* [Work order] Could the data below be printed out exactly, with the pictures left out?

* [Data]
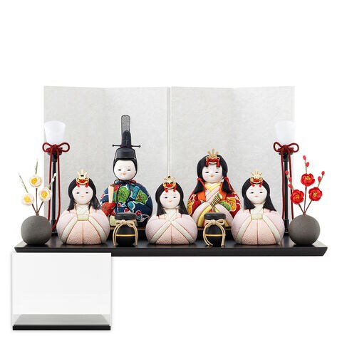 雛人形 おしゃれ コンパクト モダン かわいい インテリア 木目込み ぷりふあ ちとせ -ブラック- Mサイズ 平飾り ケース飾り 五人飾り 【小豆・あさ 屏風わた・ケース付属】 雛 お雛様 おひなさま 木目込人形飾り 最新 今どき
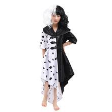 Disfraz de bruja Cruella Deville con vestido moteado en blanco y negro para Halloween de 101 dálmatas.
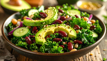 organic chickpea salad featuring avocado and kale, created with generative ai

* [Response to this task]
 雛人形 おしゃれ コンパクト モダン かわいい インテリア 木目込み ぷりふあ ちとせ -ブラック- Mサイズ 平飾り ケース飾り 五人飾り 【小豆・あさ 屏風わた・ケース付属】 雛 お雛様 おひなさま 木目込人形飾り 最新 今どき
 Disfraz de bruja Cruella Deville con vestido moteado en blanco y negro para Halloween de 101 dálmatas.
 organic chickpea salad featuring avocado and kale, created with generative ai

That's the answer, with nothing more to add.